ACTIVITY
Look through the data below and extract, unchanged, the lines from the one that contains "Decentraland, Basic Attention" to the one that contains "Chú chó ngồi phụ ông chủ bán hoa Tết", both included.

Source data

BEGIN

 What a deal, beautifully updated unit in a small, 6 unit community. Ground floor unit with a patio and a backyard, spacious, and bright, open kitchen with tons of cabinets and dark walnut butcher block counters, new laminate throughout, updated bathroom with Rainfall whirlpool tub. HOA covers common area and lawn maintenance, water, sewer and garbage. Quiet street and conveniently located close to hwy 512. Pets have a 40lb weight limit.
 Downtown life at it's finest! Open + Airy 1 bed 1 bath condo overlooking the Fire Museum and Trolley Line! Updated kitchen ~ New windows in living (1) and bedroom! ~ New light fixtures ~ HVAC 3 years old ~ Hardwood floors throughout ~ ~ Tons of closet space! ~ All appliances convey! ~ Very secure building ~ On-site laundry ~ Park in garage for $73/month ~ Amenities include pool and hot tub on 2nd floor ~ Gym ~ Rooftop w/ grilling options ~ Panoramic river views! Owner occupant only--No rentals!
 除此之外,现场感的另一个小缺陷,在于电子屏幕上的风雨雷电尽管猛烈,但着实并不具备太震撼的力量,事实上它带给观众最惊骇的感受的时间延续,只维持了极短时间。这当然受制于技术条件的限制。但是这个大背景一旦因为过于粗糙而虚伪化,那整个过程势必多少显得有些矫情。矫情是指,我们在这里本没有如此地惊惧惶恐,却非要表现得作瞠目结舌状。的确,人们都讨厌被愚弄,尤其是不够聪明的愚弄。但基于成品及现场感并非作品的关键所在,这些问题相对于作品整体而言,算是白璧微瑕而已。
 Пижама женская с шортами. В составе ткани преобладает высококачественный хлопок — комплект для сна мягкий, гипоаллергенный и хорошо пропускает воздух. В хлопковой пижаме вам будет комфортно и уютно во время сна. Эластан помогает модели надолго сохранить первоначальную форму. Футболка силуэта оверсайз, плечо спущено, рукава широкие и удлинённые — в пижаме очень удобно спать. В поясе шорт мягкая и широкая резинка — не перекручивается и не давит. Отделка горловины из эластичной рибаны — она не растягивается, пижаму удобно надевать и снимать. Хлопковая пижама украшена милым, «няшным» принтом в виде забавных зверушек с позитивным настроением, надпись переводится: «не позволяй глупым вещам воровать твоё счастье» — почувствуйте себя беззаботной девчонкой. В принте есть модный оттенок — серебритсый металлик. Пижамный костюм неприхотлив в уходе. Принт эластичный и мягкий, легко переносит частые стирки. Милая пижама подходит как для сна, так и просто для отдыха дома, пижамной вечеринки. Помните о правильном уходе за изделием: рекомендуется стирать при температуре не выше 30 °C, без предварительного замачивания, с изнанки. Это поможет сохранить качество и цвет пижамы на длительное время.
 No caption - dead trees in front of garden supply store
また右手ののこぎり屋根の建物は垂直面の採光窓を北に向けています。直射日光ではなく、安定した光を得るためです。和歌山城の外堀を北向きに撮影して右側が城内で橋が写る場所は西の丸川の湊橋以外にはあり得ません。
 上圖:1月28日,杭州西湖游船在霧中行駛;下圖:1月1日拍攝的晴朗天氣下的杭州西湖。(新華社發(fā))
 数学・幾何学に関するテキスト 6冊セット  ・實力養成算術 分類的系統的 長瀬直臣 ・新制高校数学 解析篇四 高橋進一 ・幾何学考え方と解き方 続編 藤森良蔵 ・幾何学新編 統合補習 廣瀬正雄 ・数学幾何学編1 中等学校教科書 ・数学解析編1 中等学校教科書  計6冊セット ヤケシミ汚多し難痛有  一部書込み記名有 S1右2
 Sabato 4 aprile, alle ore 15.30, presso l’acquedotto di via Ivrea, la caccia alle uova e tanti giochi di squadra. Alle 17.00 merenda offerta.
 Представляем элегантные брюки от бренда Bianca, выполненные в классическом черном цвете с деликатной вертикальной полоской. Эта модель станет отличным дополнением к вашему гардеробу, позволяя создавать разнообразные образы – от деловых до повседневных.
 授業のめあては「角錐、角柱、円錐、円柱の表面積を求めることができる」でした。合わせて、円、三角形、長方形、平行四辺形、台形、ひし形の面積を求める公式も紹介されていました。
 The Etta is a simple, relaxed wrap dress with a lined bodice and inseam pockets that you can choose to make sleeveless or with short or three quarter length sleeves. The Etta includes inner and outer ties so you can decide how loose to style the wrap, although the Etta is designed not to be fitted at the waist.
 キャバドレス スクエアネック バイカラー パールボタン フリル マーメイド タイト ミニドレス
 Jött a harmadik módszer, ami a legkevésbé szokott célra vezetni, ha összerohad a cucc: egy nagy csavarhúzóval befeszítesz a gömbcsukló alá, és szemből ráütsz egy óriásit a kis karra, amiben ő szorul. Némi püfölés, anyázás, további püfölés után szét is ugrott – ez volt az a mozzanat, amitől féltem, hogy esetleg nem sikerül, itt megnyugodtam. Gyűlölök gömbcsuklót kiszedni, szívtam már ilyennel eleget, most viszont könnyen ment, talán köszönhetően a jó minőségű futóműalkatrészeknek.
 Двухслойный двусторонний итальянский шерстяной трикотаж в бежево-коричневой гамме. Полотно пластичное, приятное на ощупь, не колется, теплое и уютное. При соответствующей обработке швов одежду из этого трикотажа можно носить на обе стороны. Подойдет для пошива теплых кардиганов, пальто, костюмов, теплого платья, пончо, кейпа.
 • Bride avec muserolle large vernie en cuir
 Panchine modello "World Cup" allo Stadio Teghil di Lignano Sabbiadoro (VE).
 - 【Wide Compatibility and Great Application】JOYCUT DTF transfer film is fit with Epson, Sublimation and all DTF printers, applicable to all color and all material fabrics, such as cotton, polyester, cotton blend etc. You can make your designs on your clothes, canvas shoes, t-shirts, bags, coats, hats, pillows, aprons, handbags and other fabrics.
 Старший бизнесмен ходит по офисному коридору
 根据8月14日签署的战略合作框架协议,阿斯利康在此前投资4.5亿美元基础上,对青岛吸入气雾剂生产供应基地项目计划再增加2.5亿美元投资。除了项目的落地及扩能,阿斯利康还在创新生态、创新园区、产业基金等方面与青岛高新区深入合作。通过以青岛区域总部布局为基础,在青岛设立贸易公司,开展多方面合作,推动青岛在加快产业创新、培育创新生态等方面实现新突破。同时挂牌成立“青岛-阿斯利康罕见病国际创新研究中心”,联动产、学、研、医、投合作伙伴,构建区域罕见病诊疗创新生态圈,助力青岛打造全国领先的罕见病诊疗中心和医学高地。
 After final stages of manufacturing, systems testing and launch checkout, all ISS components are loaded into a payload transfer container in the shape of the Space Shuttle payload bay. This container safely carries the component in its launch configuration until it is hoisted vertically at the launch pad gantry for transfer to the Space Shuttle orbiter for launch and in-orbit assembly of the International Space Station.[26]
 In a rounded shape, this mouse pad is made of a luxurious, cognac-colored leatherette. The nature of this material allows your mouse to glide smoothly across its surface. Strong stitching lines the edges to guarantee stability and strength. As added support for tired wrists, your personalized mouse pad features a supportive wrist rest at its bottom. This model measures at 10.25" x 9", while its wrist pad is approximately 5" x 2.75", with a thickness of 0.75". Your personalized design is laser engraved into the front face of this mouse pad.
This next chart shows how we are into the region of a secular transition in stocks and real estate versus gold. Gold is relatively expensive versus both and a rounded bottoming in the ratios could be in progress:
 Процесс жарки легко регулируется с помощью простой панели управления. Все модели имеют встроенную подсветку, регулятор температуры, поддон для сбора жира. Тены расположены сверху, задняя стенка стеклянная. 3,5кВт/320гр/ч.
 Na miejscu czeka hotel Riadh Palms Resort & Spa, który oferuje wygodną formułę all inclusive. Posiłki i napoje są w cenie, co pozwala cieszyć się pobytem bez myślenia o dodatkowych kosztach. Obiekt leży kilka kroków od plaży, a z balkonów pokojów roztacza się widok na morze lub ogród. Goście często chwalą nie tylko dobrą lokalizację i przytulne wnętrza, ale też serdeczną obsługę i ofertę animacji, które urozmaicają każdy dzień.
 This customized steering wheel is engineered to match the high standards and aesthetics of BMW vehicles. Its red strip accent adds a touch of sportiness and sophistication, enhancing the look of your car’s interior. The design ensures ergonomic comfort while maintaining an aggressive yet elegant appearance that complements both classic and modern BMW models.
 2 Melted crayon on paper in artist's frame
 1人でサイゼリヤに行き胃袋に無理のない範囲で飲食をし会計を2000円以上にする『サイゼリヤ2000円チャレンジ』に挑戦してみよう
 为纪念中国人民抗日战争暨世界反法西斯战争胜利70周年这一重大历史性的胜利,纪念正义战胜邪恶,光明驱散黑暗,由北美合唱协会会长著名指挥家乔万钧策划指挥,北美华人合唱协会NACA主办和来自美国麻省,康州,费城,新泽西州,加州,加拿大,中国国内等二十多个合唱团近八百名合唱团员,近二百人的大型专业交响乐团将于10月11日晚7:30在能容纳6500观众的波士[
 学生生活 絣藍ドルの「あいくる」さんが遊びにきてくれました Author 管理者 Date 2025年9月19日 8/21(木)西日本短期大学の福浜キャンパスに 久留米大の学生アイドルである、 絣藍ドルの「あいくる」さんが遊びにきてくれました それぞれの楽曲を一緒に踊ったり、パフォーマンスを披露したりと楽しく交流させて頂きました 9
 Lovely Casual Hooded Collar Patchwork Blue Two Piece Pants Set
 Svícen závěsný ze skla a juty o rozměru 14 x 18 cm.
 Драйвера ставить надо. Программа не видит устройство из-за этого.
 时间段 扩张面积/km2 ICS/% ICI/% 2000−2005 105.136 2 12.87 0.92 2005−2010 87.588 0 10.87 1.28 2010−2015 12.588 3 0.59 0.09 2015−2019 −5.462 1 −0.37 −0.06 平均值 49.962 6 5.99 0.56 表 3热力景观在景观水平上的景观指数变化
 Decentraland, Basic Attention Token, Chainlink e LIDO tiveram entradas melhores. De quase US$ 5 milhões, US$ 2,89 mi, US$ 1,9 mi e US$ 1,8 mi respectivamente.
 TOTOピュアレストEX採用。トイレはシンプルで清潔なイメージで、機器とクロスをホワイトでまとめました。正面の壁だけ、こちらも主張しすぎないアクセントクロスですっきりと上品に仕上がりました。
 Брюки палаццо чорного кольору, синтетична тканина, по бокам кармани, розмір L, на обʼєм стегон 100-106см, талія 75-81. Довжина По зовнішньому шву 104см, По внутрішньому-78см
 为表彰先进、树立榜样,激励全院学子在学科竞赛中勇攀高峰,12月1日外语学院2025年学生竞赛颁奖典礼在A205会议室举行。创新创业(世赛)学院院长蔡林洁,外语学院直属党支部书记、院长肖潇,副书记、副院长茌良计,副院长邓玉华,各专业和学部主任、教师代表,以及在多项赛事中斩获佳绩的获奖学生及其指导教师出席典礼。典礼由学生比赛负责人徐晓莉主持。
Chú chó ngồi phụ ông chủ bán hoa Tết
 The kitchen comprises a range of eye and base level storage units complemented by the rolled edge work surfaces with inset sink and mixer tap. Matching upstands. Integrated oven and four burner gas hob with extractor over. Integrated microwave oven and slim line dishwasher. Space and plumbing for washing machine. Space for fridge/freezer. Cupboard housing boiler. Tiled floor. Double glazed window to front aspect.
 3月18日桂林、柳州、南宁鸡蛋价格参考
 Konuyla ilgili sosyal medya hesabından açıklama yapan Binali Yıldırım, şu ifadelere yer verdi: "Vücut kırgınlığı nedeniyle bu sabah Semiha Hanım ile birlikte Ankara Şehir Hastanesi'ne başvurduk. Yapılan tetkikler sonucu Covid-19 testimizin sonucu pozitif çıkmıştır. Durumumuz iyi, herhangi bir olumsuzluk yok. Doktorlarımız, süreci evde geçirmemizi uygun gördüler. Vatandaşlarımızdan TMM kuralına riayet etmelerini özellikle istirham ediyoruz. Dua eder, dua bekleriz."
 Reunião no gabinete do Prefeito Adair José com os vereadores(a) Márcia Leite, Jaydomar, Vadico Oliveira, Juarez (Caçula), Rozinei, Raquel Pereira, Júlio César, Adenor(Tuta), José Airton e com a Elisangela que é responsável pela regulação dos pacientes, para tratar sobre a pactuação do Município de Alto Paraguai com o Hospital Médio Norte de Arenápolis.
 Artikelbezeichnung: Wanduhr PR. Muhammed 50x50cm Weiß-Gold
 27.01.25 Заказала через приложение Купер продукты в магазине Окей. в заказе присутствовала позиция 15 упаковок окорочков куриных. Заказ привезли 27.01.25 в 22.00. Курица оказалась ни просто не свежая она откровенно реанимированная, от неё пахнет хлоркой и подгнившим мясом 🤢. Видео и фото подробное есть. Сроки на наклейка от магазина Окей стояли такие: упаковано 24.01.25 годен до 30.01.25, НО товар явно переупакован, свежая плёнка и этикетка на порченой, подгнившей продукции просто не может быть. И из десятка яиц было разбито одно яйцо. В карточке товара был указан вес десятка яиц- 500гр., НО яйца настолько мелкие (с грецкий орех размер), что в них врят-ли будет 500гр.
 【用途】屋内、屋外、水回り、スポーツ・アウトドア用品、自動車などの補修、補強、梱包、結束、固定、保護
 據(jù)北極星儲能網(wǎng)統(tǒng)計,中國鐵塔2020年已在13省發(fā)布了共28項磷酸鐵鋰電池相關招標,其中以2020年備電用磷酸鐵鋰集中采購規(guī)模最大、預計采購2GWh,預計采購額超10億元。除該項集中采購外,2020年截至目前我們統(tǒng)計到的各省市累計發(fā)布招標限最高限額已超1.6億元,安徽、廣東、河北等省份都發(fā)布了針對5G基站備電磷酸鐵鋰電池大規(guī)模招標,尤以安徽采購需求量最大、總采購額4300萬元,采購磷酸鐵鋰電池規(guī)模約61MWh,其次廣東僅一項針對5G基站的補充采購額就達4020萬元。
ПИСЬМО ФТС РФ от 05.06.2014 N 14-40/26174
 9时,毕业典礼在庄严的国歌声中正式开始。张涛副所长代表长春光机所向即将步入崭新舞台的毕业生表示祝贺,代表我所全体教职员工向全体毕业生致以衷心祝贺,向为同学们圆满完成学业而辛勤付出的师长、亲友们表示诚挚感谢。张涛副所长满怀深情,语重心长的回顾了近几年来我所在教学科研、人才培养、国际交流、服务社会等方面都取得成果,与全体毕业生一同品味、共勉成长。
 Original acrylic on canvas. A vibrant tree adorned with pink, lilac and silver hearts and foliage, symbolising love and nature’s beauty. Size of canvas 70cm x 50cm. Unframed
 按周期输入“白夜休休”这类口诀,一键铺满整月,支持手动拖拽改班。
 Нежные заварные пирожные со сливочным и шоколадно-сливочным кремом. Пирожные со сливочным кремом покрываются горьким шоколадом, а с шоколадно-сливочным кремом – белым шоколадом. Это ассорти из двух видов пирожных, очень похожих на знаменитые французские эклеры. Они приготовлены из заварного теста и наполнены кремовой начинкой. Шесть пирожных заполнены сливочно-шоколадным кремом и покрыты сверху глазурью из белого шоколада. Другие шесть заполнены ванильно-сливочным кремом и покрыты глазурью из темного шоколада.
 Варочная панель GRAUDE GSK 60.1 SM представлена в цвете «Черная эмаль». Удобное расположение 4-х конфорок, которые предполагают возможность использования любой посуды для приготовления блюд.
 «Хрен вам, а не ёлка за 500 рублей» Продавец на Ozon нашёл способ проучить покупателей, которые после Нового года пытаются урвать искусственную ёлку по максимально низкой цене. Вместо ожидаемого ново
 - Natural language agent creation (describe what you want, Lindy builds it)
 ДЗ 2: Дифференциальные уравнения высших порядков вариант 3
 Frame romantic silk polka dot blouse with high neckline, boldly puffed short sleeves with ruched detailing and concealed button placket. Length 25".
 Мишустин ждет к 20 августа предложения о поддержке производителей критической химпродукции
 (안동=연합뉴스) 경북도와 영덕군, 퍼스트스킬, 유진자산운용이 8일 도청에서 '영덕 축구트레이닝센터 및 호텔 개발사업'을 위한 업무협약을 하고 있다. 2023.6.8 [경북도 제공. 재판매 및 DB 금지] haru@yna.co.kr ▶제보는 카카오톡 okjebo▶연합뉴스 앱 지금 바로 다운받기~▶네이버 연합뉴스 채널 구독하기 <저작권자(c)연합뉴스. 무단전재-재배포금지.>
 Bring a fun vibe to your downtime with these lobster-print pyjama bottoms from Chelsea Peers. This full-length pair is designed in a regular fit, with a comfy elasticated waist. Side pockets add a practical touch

END

TASK RESULT
 Decentraland, Basic Attention Token, Chainlink e LIDO tiveram entradas melhores. De quase US$ 5 milhões, US$ 2,89 mi, US$ 1,9 mi e US$ 1,8 mi respectivamente.
 TOTOピュアレストEX採用。トイレはシンプルで清潔なイメージで、機器とクロスをホワイトでまとめました。正面の壁だけ、こちらも主張しすぎないアクセントクロスですっきりと上品に仕上がりました。
 Брюки палаццо чорного кольору, синтетична тканина, по бокам кармани, розмір L, на обʼєм стегон 100-106см, талія 75-81. Довжина По зовнішньому шву 104см, По внутрішньому-78см
 为表彰先进、树立榜样,激励全院学子在学科竞赛中勇攀高峰,12月1日外语学院2025年学生竞赛颁奖典礼在A205会议室举行。创新创业(世赛)学院院长蔡林洁,外语学院直属党支部书记、院长肖潇,副书记、副院长茌良计,副院长邓玉华,各专业和学部主任、教师代表,以及在多项赛事中斩获佳绩的获奖学生及其指导教师出席典礼。典礼由学生比赛负责人徐晓莉主持。
Chú chó ngồi phụ ông chủ bán hoa Tết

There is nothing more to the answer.